**Assignment**: Below are some records. Return exactly their lines from the one containing "Men's Mitchell and" through the one containing "Nickel and crystal", and drop the pictures.

**Data records**:
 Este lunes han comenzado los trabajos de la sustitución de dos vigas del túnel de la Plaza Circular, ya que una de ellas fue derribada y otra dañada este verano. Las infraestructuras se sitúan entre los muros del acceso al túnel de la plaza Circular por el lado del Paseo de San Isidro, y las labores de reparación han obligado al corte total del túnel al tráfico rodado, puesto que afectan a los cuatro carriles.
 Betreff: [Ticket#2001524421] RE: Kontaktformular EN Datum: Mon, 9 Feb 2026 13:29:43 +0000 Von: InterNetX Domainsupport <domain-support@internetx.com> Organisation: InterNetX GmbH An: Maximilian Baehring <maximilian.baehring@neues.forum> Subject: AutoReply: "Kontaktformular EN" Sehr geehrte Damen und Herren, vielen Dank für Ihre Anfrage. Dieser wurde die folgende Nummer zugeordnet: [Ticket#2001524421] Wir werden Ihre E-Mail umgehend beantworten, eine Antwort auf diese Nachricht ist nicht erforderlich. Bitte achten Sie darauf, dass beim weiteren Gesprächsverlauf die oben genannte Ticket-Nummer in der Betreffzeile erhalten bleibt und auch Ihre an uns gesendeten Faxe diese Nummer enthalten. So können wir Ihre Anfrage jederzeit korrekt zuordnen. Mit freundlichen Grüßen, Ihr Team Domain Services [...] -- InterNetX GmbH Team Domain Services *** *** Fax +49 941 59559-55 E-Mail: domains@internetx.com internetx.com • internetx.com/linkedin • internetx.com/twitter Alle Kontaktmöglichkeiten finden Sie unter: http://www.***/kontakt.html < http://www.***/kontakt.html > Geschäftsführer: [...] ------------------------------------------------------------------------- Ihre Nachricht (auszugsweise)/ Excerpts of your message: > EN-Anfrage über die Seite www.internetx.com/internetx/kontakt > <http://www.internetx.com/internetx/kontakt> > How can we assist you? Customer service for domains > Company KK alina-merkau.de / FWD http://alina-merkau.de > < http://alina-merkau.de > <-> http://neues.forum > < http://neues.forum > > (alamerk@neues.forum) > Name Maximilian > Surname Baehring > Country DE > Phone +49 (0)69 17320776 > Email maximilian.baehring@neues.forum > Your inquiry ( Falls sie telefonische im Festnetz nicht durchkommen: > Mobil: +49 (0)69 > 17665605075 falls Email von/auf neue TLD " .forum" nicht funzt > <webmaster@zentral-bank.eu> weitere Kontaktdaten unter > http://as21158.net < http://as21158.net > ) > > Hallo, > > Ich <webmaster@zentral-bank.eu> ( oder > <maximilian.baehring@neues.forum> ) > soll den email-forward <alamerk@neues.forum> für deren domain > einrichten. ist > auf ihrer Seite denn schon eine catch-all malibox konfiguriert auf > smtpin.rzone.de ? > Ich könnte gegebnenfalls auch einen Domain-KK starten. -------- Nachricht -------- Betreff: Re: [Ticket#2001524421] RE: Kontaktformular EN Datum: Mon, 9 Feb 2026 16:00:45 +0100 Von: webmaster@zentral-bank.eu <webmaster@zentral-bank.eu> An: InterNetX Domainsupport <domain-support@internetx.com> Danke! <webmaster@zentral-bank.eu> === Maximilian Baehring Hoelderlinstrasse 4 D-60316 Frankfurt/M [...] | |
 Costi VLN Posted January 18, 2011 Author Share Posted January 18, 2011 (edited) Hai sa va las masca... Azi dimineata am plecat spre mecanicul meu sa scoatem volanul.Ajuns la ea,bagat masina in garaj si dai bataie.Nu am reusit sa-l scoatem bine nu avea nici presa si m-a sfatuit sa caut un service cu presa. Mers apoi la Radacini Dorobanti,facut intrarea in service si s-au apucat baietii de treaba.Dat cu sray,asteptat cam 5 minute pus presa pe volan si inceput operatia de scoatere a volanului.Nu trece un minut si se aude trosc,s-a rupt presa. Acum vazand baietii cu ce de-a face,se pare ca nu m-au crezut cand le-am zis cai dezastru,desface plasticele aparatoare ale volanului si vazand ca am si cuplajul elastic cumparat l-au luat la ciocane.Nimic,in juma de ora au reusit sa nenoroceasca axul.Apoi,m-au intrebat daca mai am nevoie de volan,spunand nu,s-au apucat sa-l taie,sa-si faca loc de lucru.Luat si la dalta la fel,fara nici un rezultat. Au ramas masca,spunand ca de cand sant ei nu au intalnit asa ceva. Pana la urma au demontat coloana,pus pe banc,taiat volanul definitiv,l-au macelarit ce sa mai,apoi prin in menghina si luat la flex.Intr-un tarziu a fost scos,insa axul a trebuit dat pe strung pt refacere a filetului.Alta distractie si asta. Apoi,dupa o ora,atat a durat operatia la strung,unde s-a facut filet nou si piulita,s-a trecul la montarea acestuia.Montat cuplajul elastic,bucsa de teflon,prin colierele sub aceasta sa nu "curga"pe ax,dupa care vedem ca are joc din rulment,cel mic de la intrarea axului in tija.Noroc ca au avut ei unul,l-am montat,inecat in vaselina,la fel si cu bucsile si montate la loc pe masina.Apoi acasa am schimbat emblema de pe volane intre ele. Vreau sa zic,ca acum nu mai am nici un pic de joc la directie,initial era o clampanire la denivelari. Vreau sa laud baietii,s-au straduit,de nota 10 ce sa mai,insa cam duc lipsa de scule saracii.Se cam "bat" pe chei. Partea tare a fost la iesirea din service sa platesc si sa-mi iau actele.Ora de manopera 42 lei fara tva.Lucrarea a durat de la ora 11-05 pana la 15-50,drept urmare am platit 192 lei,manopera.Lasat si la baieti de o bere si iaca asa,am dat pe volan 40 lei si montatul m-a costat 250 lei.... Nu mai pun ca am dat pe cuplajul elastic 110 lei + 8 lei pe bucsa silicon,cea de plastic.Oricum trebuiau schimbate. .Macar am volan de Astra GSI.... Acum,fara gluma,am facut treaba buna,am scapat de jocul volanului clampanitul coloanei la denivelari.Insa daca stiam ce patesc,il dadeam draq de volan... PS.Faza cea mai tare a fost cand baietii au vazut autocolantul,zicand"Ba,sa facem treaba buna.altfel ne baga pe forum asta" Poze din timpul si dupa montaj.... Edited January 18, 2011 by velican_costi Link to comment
...
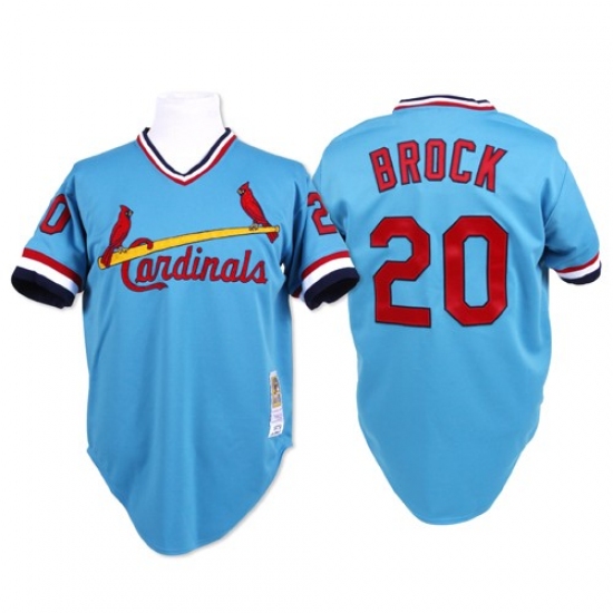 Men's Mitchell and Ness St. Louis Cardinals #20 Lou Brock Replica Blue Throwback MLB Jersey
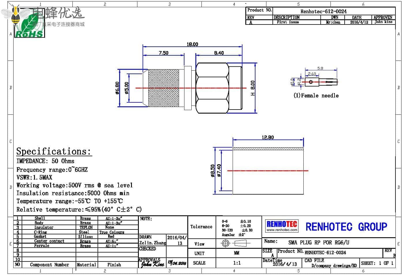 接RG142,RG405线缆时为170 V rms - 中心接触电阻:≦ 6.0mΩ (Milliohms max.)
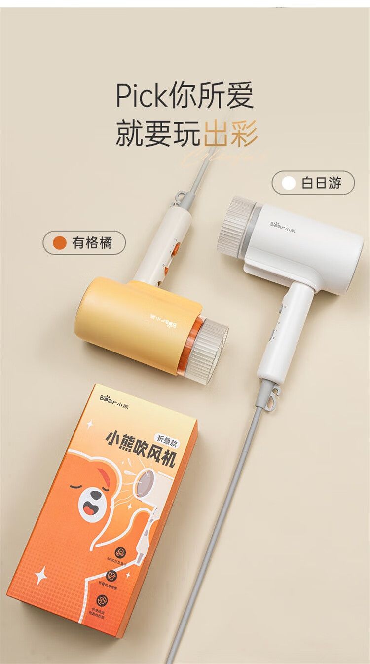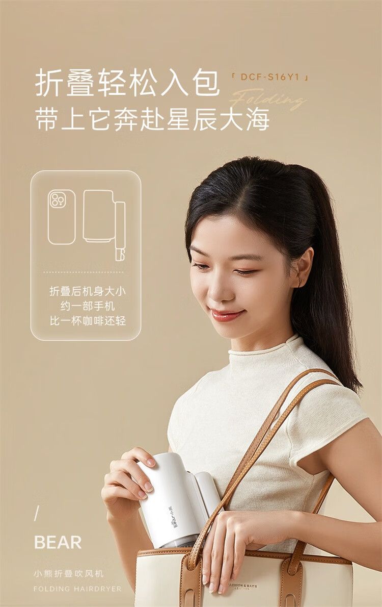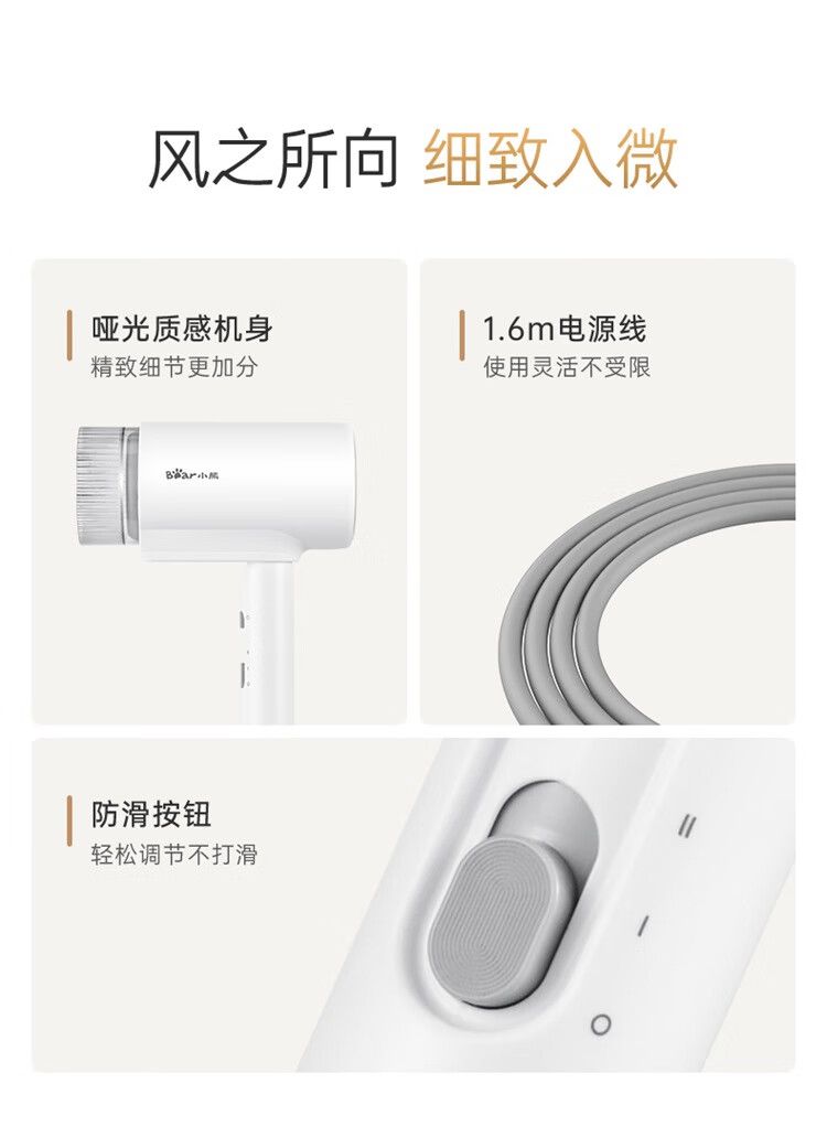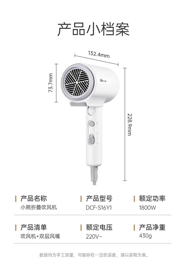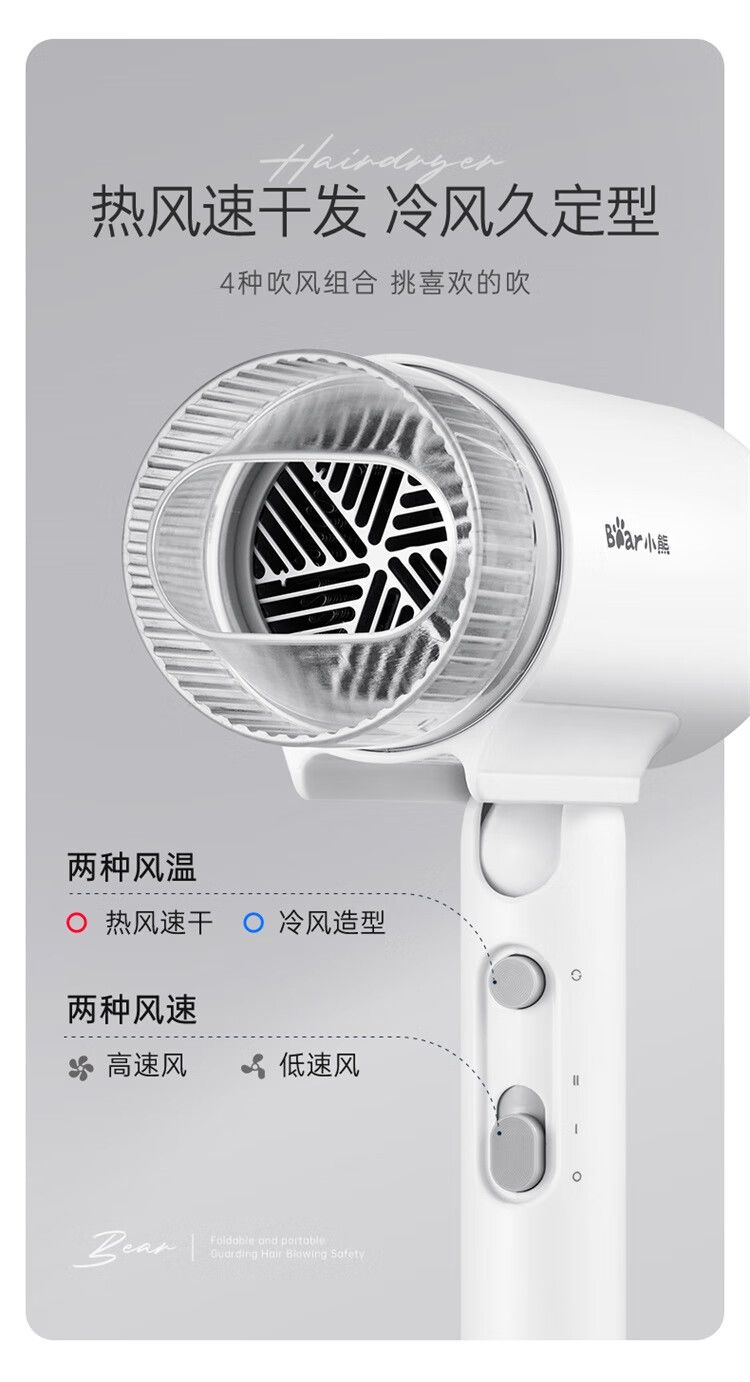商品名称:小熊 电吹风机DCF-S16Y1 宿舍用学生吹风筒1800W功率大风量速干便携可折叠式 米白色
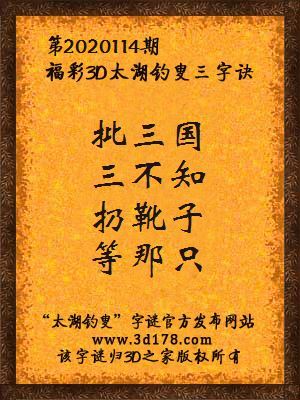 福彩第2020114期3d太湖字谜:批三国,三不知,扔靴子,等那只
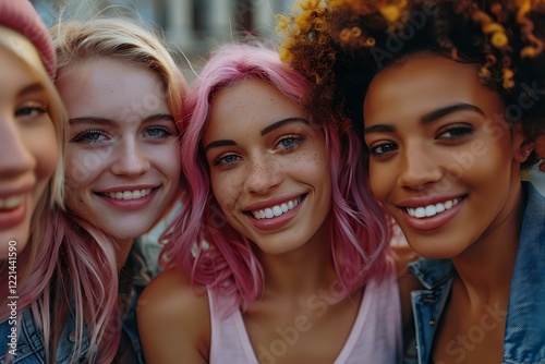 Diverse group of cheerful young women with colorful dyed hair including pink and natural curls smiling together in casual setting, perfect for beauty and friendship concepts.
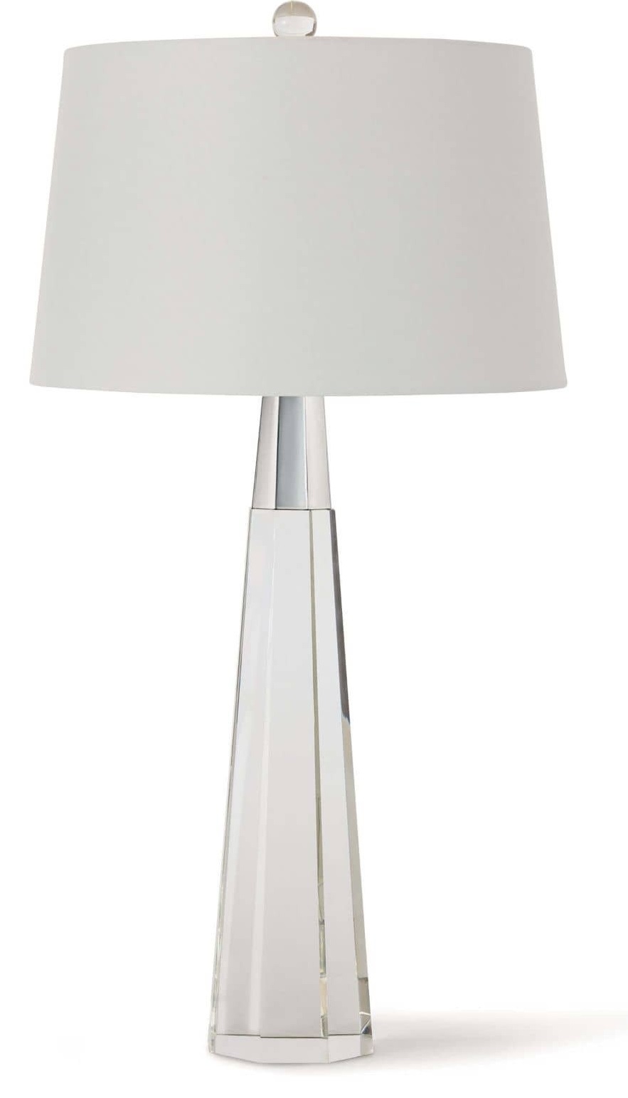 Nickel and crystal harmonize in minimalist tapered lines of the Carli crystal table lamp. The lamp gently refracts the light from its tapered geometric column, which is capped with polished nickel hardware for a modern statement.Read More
* * *
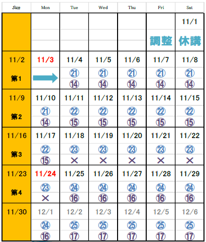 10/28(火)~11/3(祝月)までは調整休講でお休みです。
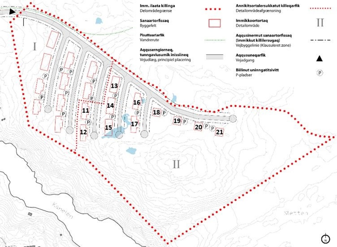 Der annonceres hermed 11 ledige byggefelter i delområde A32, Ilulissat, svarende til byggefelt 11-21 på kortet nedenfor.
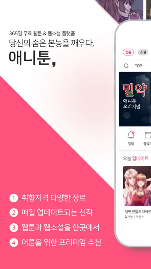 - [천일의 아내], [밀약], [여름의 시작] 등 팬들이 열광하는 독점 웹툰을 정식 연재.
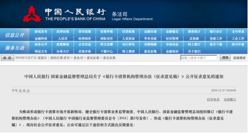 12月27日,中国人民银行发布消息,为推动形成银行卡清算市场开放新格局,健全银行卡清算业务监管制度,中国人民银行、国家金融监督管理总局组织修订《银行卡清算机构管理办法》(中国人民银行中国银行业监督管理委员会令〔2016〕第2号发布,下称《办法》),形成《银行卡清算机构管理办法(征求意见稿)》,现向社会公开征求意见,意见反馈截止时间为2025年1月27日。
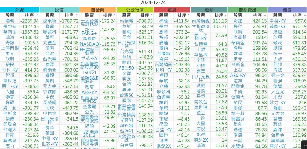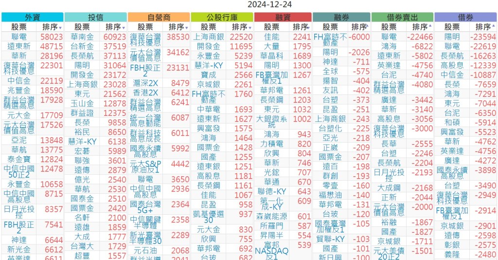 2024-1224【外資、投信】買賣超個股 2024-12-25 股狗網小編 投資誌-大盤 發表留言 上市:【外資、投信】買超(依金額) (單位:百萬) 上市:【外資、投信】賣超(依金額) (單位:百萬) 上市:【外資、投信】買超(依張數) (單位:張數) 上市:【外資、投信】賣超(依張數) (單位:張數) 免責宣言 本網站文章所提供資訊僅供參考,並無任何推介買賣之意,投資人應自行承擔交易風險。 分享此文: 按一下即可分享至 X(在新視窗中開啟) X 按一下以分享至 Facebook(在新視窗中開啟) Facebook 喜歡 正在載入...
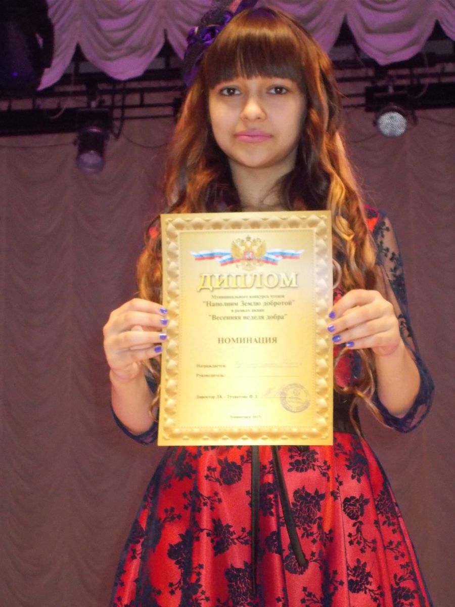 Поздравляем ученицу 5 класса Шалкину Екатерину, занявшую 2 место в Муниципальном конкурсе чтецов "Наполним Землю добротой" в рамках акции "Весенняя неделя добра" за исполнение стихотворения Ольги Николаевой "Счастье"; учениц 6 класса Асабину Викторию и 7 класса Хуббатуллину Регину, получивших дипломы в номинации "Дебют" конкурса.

**Task result**:
 Men's Mitchell and Ness St. Louis Cardinals #20 Lou Brock Replica Blue Throwback MLB Jersey
 接RG142,RG405线缆时为170 V rms - 中心接触电阻:≦ 6.0mΩ (Milliohms max.)
商品名称:小熊 电吹风机DCF-S16Y1 宿舍用学生吹风筒1800W功率大风量速干便携可折叠式 米白色
 福彩第2020114期3d太湖字谜:批三国,三不知,扔靴子,等那只
 Diverse group of cheerful young women with colorful dyed hair including pink and natural curls smiling together in casual setting, perfect for beauty and friendship concepts.
 Nickel and crystal harmonize in minimalist tapered lines of the Carli crystal table lamp. The lamp gently refracts the light from its tapered geometric column, which is capped with polished nickel hardware for a modern statement.Read More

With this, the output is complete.